(Collected data entries)
........
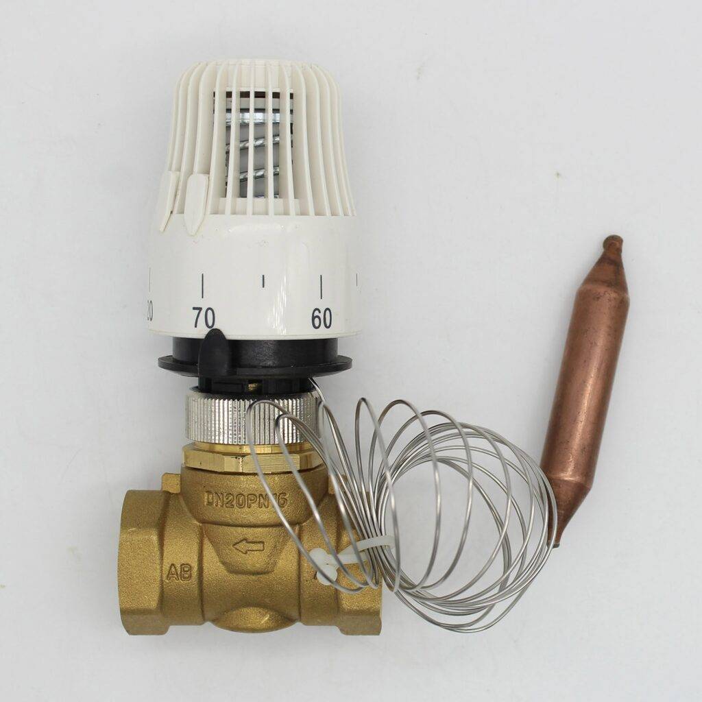 Клапан с термоголовкой предназначен для поддержания заданной температуры в автономном режиме. Устройство работает по принципу сжатия-расширения газа или жидкости в зависимости от окружающей среды. Терморегулятор может быть встроенным или размещаться дистанционно.
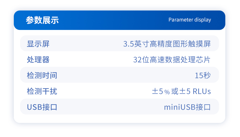 | 顯示屏:3.5英寸高精度圖形觸摸屏 | 處理器:32位高速數(shù)據(jù)處理芯片 | 檢測精度:********** | 大腸菌群:******** | 檢測范圍:*************** | 檢測時間:15秒 | 檢測干擾:±5﹪或±5 RLUs | 操作溫度范圍:5℃到40℃ | 操作濕度范圍:20—85﹪ | ATP回收率:90-110% | 檢出模式:RLU、大腸菌群篩查 | 50個用戶ID 設定 | 可設定的結果限值個數(shù):251個 | 自動判斷合格與不合格 | 自動統(tǒng)計合格率 | 內(nèi)置自校光源 | 開機30秒自檢 | 配有miniUSB接口,可將結果上傳至PC | 配備專用軟件驅(qū)動U盤代替?zhèn)鹘y(tǒng)光盤 | 儀器尺寸(W×H×D):188 mm×77mm×37mm | 使用可充電鋰電池免電池更換 | 備用狀態(tài)(20℃):6個月 | 中文操作手冊 | 穩(wěn)定的液體熒光素酶 | 潤濕的一體化采集拭子 |
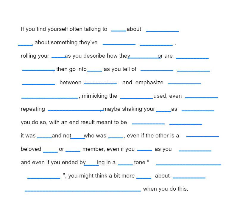 This is a (satirical) version of the poem, where the reader can fill in the blanks and make their own poem. Reminiscent of days gone by, with Mad-Libs, for those who might not have liked the more serious tone of the original poem.
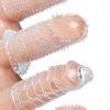 Measurements measures 2 inches to 4 inches in length. One size fits all. Material Thermoplastic Elastomers TPE. Color Clear. Note 4 sleeves included.
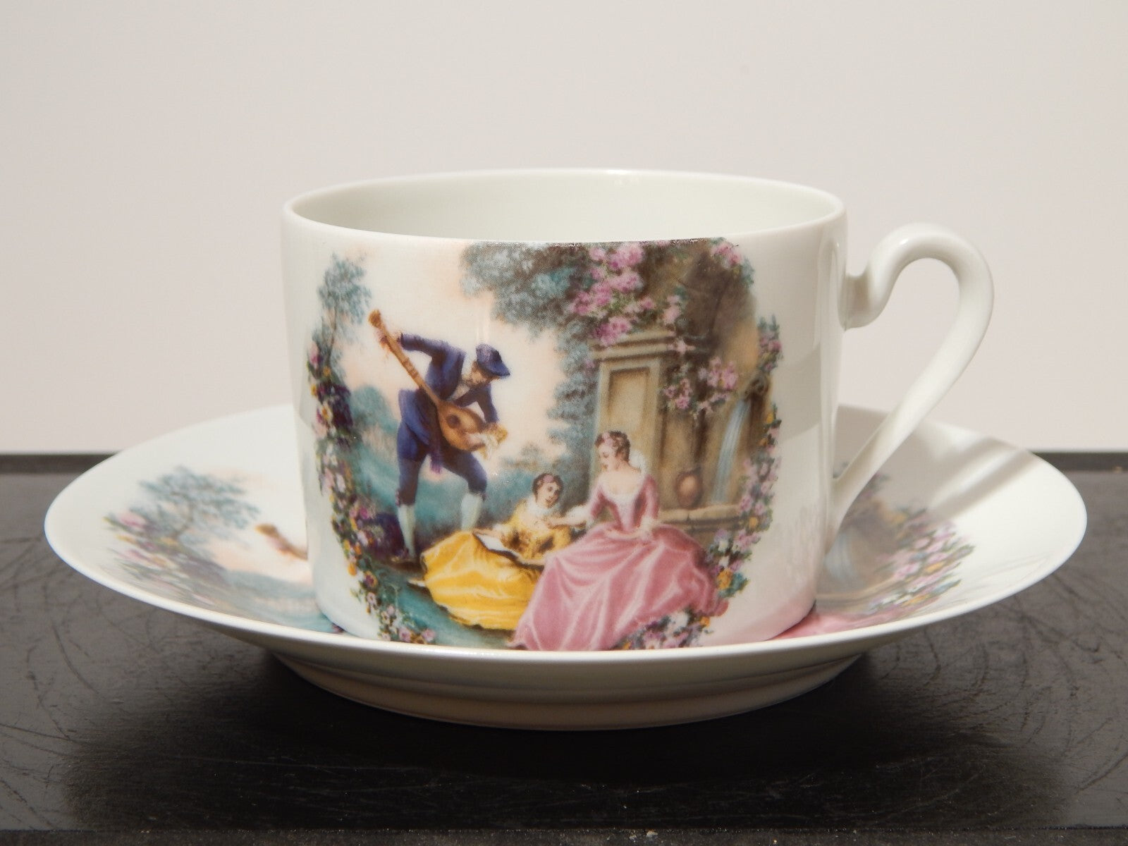 Elegante tazza da tè in autentica porcellana di Limoges completa di piattino abbinato. Un raffinato esempio dell’arte ceramica francese, famosa in tutto il mondo per la sua qualità e la purezza dei materiali. La tazza presenta una linea classica ed è decorata con la riproduzione di una scena galante
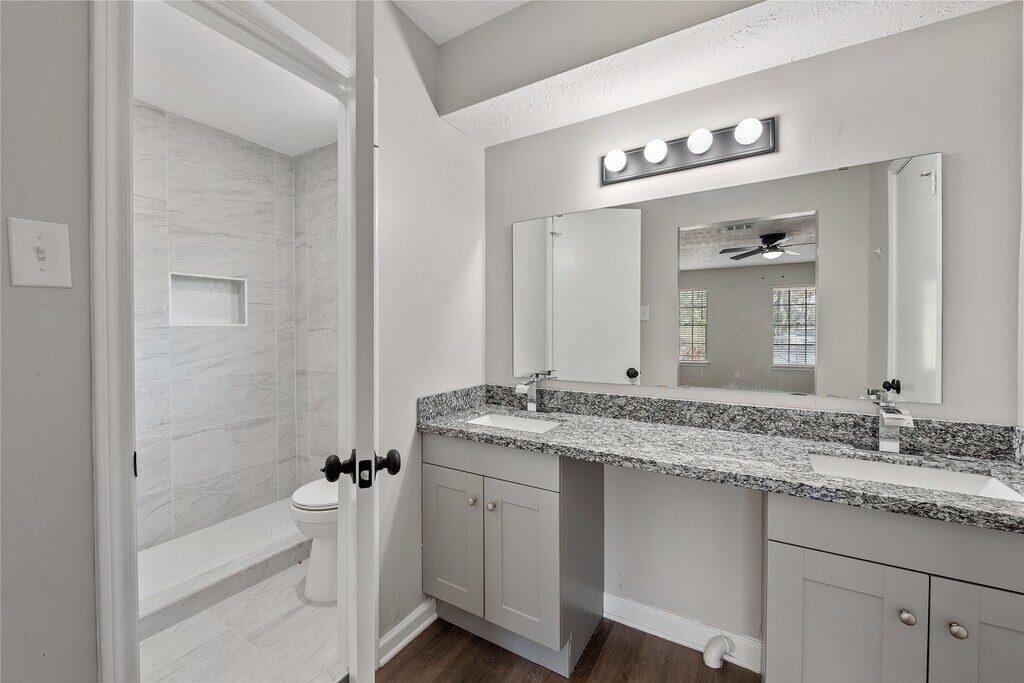 Fully renovated & move-in ready! This home offers laminate flooring throughout (no carpet),fresh paint,recessed lighting & a spacious layout. Large living room w/ wall-mounted fireplace & formal dining. Updated kitchen features granite counters,subway tile backsplash,new cabinets,SS appliances & breakfast nook. Primary suite includes his-and-hers closets,double sinks & walk-in shower. Guest bath offers soaking tub; secondary bedrooms are generously sized. Bathrooms fully updated. Laundry room has built-in sink. Other highlights: new staircase,high-efficiency A/C,detached 2-car garage,long single-wide driveway & oversized backyard. Located in desirable Cy-Fair ISD,minutes from 290,shopping,hospitals & walking distance to community amenities. Style,comfort & convenience in one great package! Contact us today and make it your home MLS# 91708646
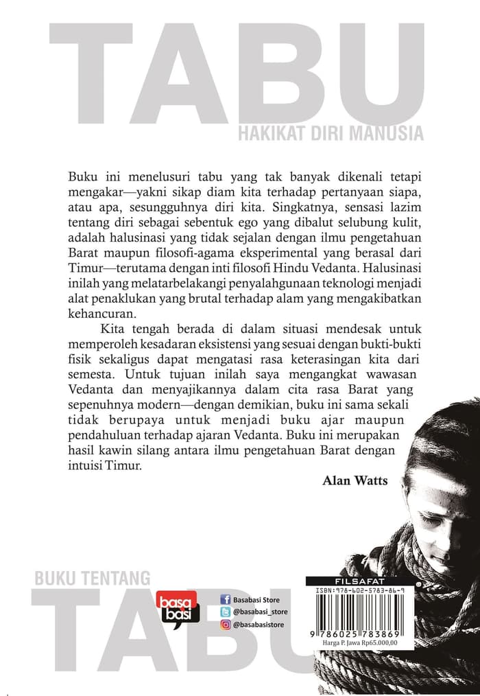 Buku ini menelusuri tabu yang tak banyak dikenali tetapi mengakar—yakni sikap diam kita terhadap pertanyaan siapa, atau apa, sesungguhnya diri kita. Singkatnya, sensasi lazim tentang diri sebagai sebentuk ego yang dibalut selubung kulit, adalah halusinasi yang tidak sejalan dengan ilmu pengetahuan Barat maupun filosofi-agama eksperimental yang berasal dari Timur—terutama dengan inti filosofi Hindu Vedanta. Halusinasi inilah yang melatarbelakangi penyalahgunaan teknologi menjadi alat penaklukan yang brutal terhadap alam yang mengakibatkan kehancuran.
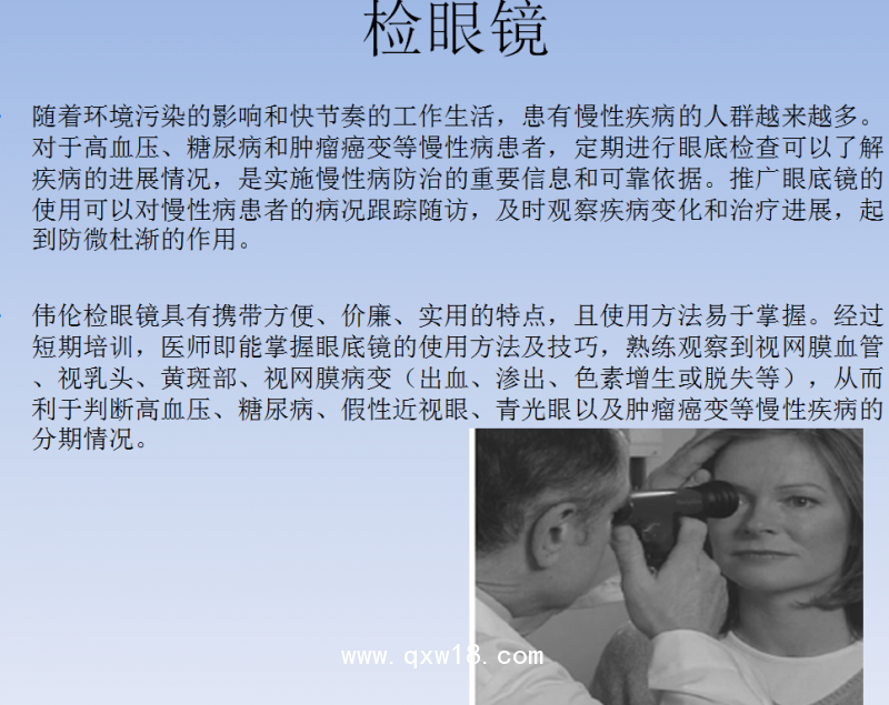 1、Welch是偉倫公司的創(chuàng)始人,也是世界上第一個(gè)發(fā)明眼底檢眼鏡的醫(yī)師。在同類產(chǎn)品中,偉倫公司生產(chǎn)的檢眼鏡更具有權(quán)威性。
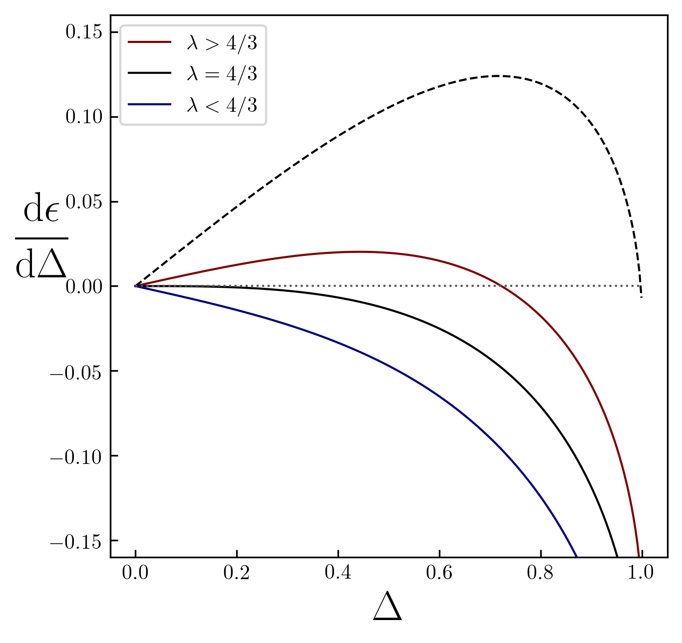 occurs at \(0< \Delta < 1\) for \(4/3 < \lambda < 2^{2/3}\) (for \(\lambda > 2^{2/3}\) there is no solution). The critical value,
........
#### What is required
Word-for-word repeat, images excluded: return all the data.

#### Reply to the task
 Клапан с термоголовкой предназначен для поддержания заданной температуры в автономном режиме. Устройство работает по принципу сжатия-расширения газа или жидкости в зависимости от окружающей среды. Терморегулятор может быть встроенным или размещаться дистанционно.
 | 顯示屏:3.5英寸高精度圖形觸摸屏 | 處理器:32位高速數(shù)據(jù)處理芯片 | 檢測精度:********** | 大腸菌群:******** | 檢測范圍:*************** | 檢測時間:15秒 | 檢測干擾:±5﹪或±5 RLUs | 操作溫度范圍:5℃到40℃ | 操作濕度范圍:20—85﹪ | ATP回收率:90-110% | 檢出模式:RLU、大腸菌群篩查 | 50個用戶ID 設定 | 可設定的結果限值個數(shù):251個 | 自動判斷合格與不合格 | 自動統(tǒng)計合格率 | 內(nèi)置自校光源 | 開機30秒自檢 | 配有miniUSB接口,可將結果上傳至PC | 配備專用軟件驅(qū)動U盤代替?zhèn)鹘y(tǒng)光盤 | 儀器尺寸(W×H×D):188 mm×77mm×37mm | 使用可充電鋰電池免電池更換 | 備用狀態(tài)(20℃):6個月 | 中文操作手冊 | 穩(wěn)定的液體熒光素酶 | 潤濕的一體化采集拭子 |
 This is a (satirical) version of the poem, where the reader can fill in the blanks and make their own poem. Reminiscent of days gone by, with Mad-Libs, for those who might not have liked the more serious tone of the original poem.
 Measurements measures 2 inches to 4 inches in length. One size fits all. Material Thermoplastic Elastomers TPE. Color Clear. Note 4 sleeves included.
 Elegante tazza da tè in autentica porcellana di Limoges completa di piattino abbinato. Un raffinato esempio dell’arte ceramica francese, famosa in tutto il mondo per la sua qualità e la purezza dei materiali. La tazza presenta una linea classica ed è decorata con la riproduzione di una scena galante
 Fully renovated & move-in ready! This home offers laminate flooring throughout (no carpet),fresh paint,recessed lighting & a spacious layout. Large living room w/ wall-mounted fireplace & formal dining. Updated kitchen features granite counters,subway tile backsplash,new cabinets,SS appliances & breakfast nook. Primary suite includes his-and-hers closets,double sinks & walk-in shower. Guest bath offers soaking tub; secondary bedrooms are generously sized. Bathrooms fully updated. Laundry room has built-in sink. Other highlights: new staircase,high-efficiency A/C,detached 2-car garage,long single-wide driveway & oversized backyard. Located in desirable Cy-Fair ISD,minutes from 290,shopping,hospitals & walking distance to community amenities. Style,comfort & convenience in one great package! Contact us today and make it your home MLS# 91708646
 Buku ini menelusuri tabu yang tak banyak dikenali tetapi mengakar—yakni sikap diam kita terhadap pertanyaan siapa, atau apa, sesungguhnya diri kita. Singkatnya, sensasi lazim tentang diri sebagai sebentuk ego yang dibalut selubung kulit, adalah halusinasi yang tidak sejalan dengan ilmu pengetahuan Barat maupun filosofi-agama eksperimental yang berasal dari Timur—terutama dengan inti filosofi Hindu Vedanta. Halusinasi inilah yang melatarbelakangi penyalahgunaan teknologi menjadi alat penaklukan yang brutal terhadap alam yang mengakibatkan kehancuran.
 1、Welch是偉倫公司的創(chuàng)始人,也是世界上第一個(gè)發(fā)明眼底檢眼鏡的醫(yī)師。在同類產(chǎn)品中,偉倫公司生產(chǎn)的檢眼鏡更具有權(quán)威性。
 occurs at \(0< \Delta < 1\) for \(4/3 < \lambda < 2^{2/3}\) (for \(\lambda > 2^{2/3}\) there is no solution). The critical value,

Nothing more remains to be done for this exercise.